Option A:
Consider the set of Integers.
RHS of A is always FALSE as when $x > y$ and $x + y \leq 0, y $must be negative. Now consider the largest element in the set - let it be $p.$ Now, RHS of option A says that there exists $x > p$ which is not possible for the set of integers (possible if we consider the set of real numbers).

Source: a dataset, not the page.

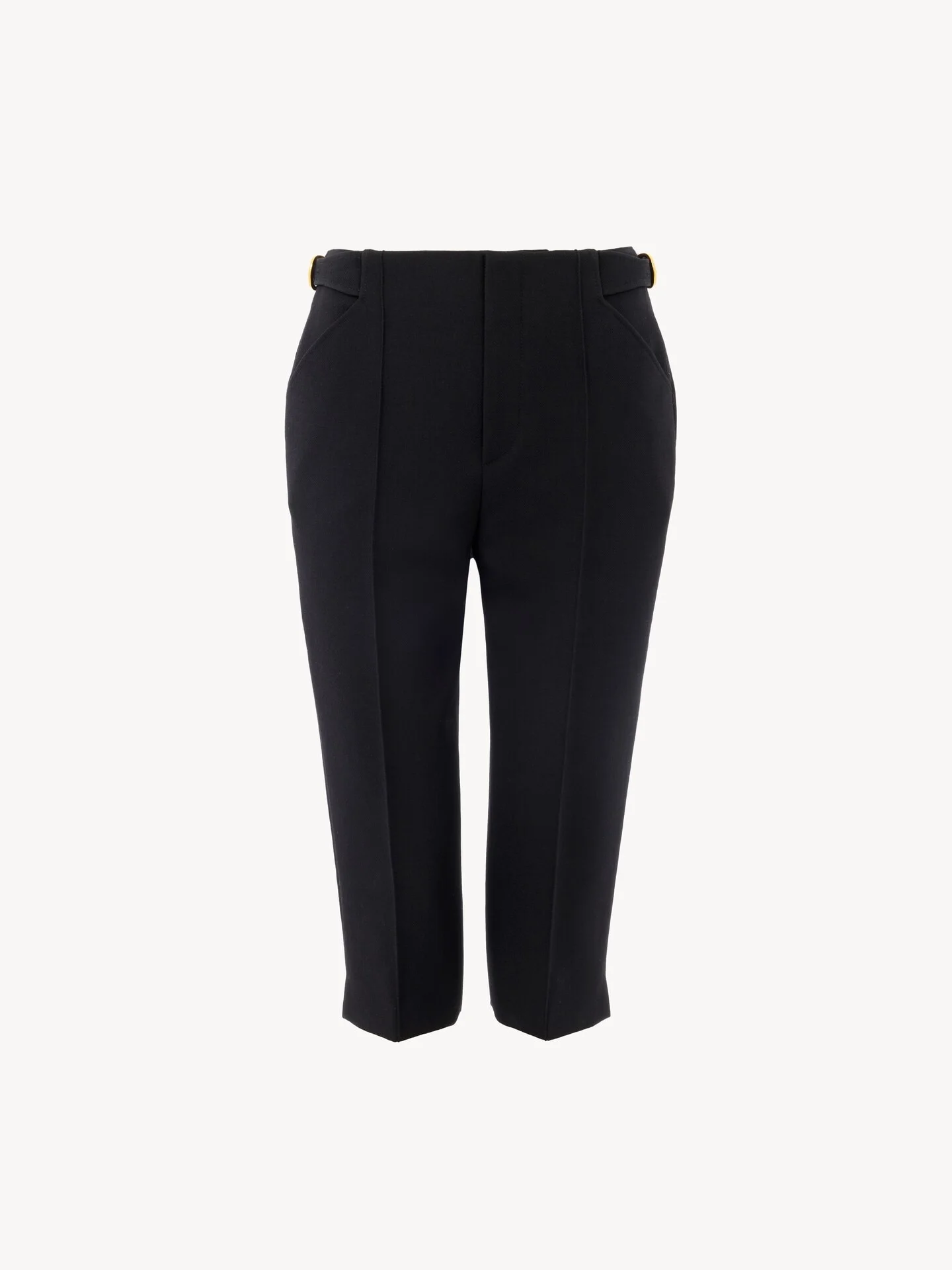 DESCRIPTION Tailored capri pants in lower-impact wool crepe, featuring raised seams and side tabs with gold-tone buckles. PRODUCT DETAILS Capri pants outer shell: 100% Wool Pocket lining: 100% Cotton Inside button: 100% Water buffalo horn Fit: slim - The model is 5'10" (178 cm) and wears a prototype in size 36 - Slim capri pants - Front hook & zipper fastening - Engraved horn internal button - Side pockets - Piped back pockets - Buckled side tabs The wool used in this product comes from a farm that respects animal welfare, maintains soil health, protects biodiversity and promotes native species. Color: Black Item code: CH26SPA15061001 CARE INSTRUCTIONS To preserve the integrity of your garment, please refrain from washing, entrusting its care to professional cleaning services for optimal maintenance. This garment cannot withstand any bleaching agent. To maintain its shape, gently iron this garment at a maximum sole plate temperature of 110°C, taking care to avoid any harsh pressure while ironing. Entrust this garment to a specialist for mild cleaning with tetrachloroethylene and solvent F, ensuring its delicate nature is maintained with the most care. To best preserve its form and texture, please do not tumble dry this garment. To maintain its delicate nature, do not wet clean this garment. TRACEABILITY Better traceability is central to improving our materials as well as social and environmental practices. Dyeing: Italy Finishing: Italy Weaving: Italy

LHS of A is true for the set of integers. This is because if we take $x = 1,$ LHS returns TRUE as for no $y \geq x, (x+y) < 0.$ Since, we have LHS TRUE and RHS FALSE, option A is not valid.
Option B:
Consider the set of positive integers.
RHS is then always TRUE as the first term of the OR clause is TRUE $(\exists x\forall y[(x>y))$ as for every positive integer we have another positive integer greater than it. Now, the LHS is FALSE as if we take any two positive integers $x,y$ we'll never get $x + y < 0.$ So, the biconditional statement is FALSE.
Option C:
Similar to option A, if we consider the set of integers, RHS is FALSE. LHS becomes TRUE as if we take $x = -1$ there is no $y \leq x$ such that $x + y > 0.$ So, the biconditional statement is FALSE.
Option D:
$\neg \exists x \forall y[(x<y)\rightarrow\forall z(x<z<y)]$
$\Longleftrightarrow \forall x \neg\forall y[(x<y)\rightarrow\forall z(x<z<y)]$
$\Longleftrightarrow \forall x \exists y\neg [(x<y)\rightarrow\forall z(x<z<y)]$
$\Longleftrightarrow \forall x \exists y\neg [\neg (x<y)\vee \forall z(x<z<y)]$
$\Longleftrightarrow \forall x \exists y [(x<y)\wedge \neg \forall z(x<z<y)]$
$\Longleftrightarrow \forall x \exists y [(x<y)\wedge \exists z \neg(x<z<y)]$
$\Longleftrightarrow \forall x \exists y [(x<y)\wedge \exists z ((z\leq x)\vee (y\leq z))]$
$\Longleftrightarrow \forall x \exists y \exists z [(x<y)\wedge ((z\leq x)\vee (y\leq z))]$
$\Longleftrightarrow \forall x \exists y \exists z [((x<y)\wedge (z\leq x)) \vee ((x<y)\wedge (y\leq z))]$
$\Longleftrightarrow \forall x \exists y \exists z [(z\leq x<y)\vee (x<y\leq z)]$
LHS $\Longleftrightarrow$ RHS
So, the correct answer is $(D)$.